Most adverse events occurred at a similar frequency in the prasterone and placebo groups. More women in the prasterone group reported vaginal discharge than in the placebo group (8.3% versus 3.4%), but this could be partly related to the vehicle used in the prasterone formulation.¹ Treatment does not need to be ceased if vaginal discharge occurs and very few women in the efficacy studies discontinued prasterone because of this effect.¹ The formulation can also weaken the latex used in barrier methods such as condoms, which may still be required in postmenopausal women for prevention of sexually transmitted infections.

Although prasterone has statistical superiority, its advantage over placebo for symptom relief appears modest. A comparison with other studies suggests that 6.5 mg prasterone may have similar efficacy to 10 micrograms intravaginal estradiol.⁴ The need to continue treatment, taking into account potential benefits and harms, should be reviewed at least every 6 months.³

This new drug comment was finalised on 9 September 2024.

🅃 manufacturer provided the AusPAR and the product information. The Transparency Score is explained in New drugs: transparency, Vol 37 No 1, Aust Prescr 2014;37:27.

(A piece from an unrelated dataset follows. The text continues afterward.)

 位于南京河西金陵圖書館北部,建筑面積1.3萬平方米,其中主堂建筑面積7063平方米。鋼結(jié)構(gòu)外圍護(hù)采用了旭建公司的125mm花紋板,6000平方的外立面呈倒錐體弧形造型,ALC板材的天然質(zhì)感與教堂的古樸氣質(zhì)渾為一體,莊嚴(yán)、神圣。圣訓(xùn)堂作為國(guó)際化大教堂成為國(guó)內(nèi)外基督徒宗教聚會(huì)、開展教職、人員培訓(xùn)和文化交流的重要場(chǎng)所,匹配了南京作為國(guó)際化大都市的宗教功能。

At the time the comment was prepared, information about this drug was available on the websites of the Food and Drug Administration in the USA, the European Medicines Agency and the Therapeutic Goods Administration.

 

References

1. Labrie F, Archer DF, Martel C, Vaillancourt M, Montesino M. Combined data of intravaginal prasterone against vulvovaginal atrophy of menopause. Menopause 2017;24:1246-56.
2. Bouchard C, Labrie F, Derogatis L, Girard G, Ayotte N, Gallagher J, et al. Effect of intravaginal dehydroepiandrosterone (DHEA) on the female sexual function in postmenopausal women: ERC-230 open-label study. Horm Mol Biol Clin Investig 2016;25:181-90.
3. Therapeutic Goods Administration. Australian Product Information - INTRAROSA prasterone 6.5 mg pessary blister pack. Department of Health and Aged Care; 2023. [cited 2024 Sep 10]
4. Archer DF, Labrie F, Montesino M, Martel C. Comparison of intravaginal 6.5mg (0.50%) prasterone, 0.3mg conjugated estrogens and 10mug estradiol on symptoms of vulvovaginal atrophy. J Steroid Biochem Mol Biol 2017;174:1-8.

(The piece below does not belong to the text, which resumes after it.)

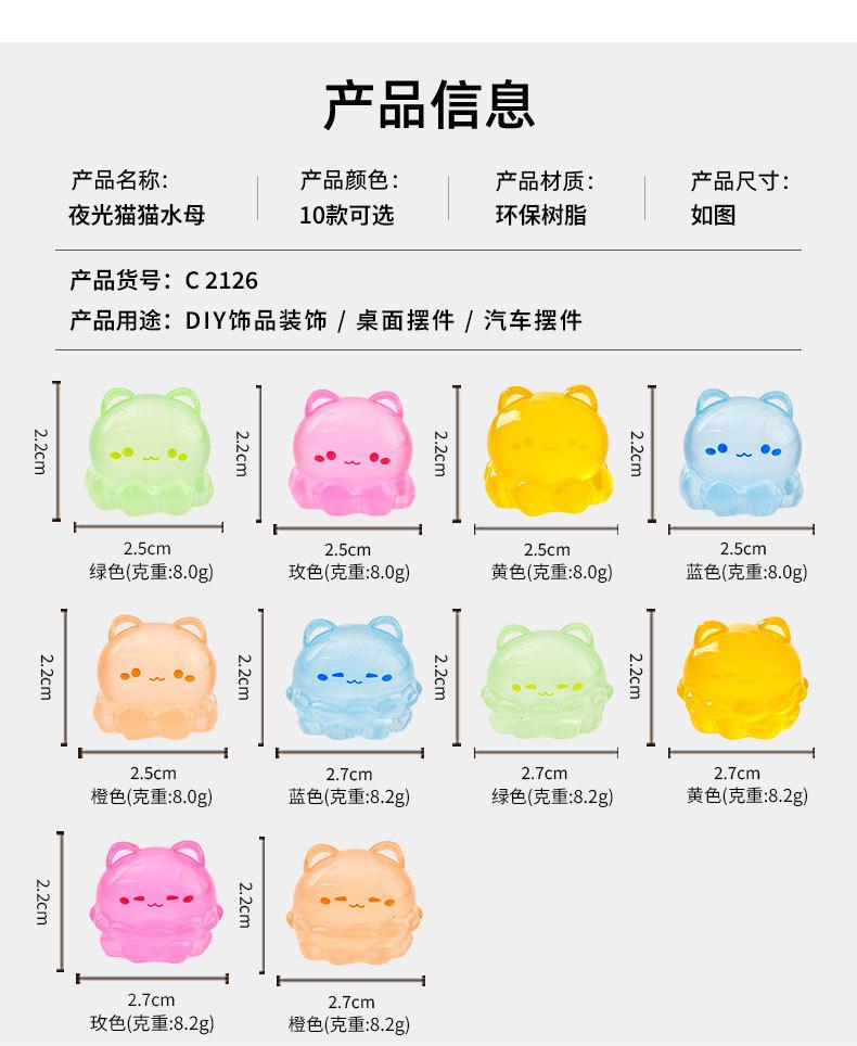 Accesorios de resina de medusas luminosas de dibujos animados, decoraciones de bricolaje, pulpo de animal marino, adornos pequeños de escritorio, bolsa ciega adorable

 The new drug commentaries in Australian Prescriber are prepared by the editors and reviewed by the Editorial Advisory Committee. Some of the views expressed on newly approved products should be regarded as preliminary, as there may be limited published data at the time of publication, and little experience in Australia of their safety or efficacy. However, the Editorial Advisory Committee believes that comments made in good faith at an early stage may still be of value. Before new drugs are prescribed, the Committee believes it is important that more detailed information is obtained from the manufacturer's approved product information, a drug information centre or some other appropriate source.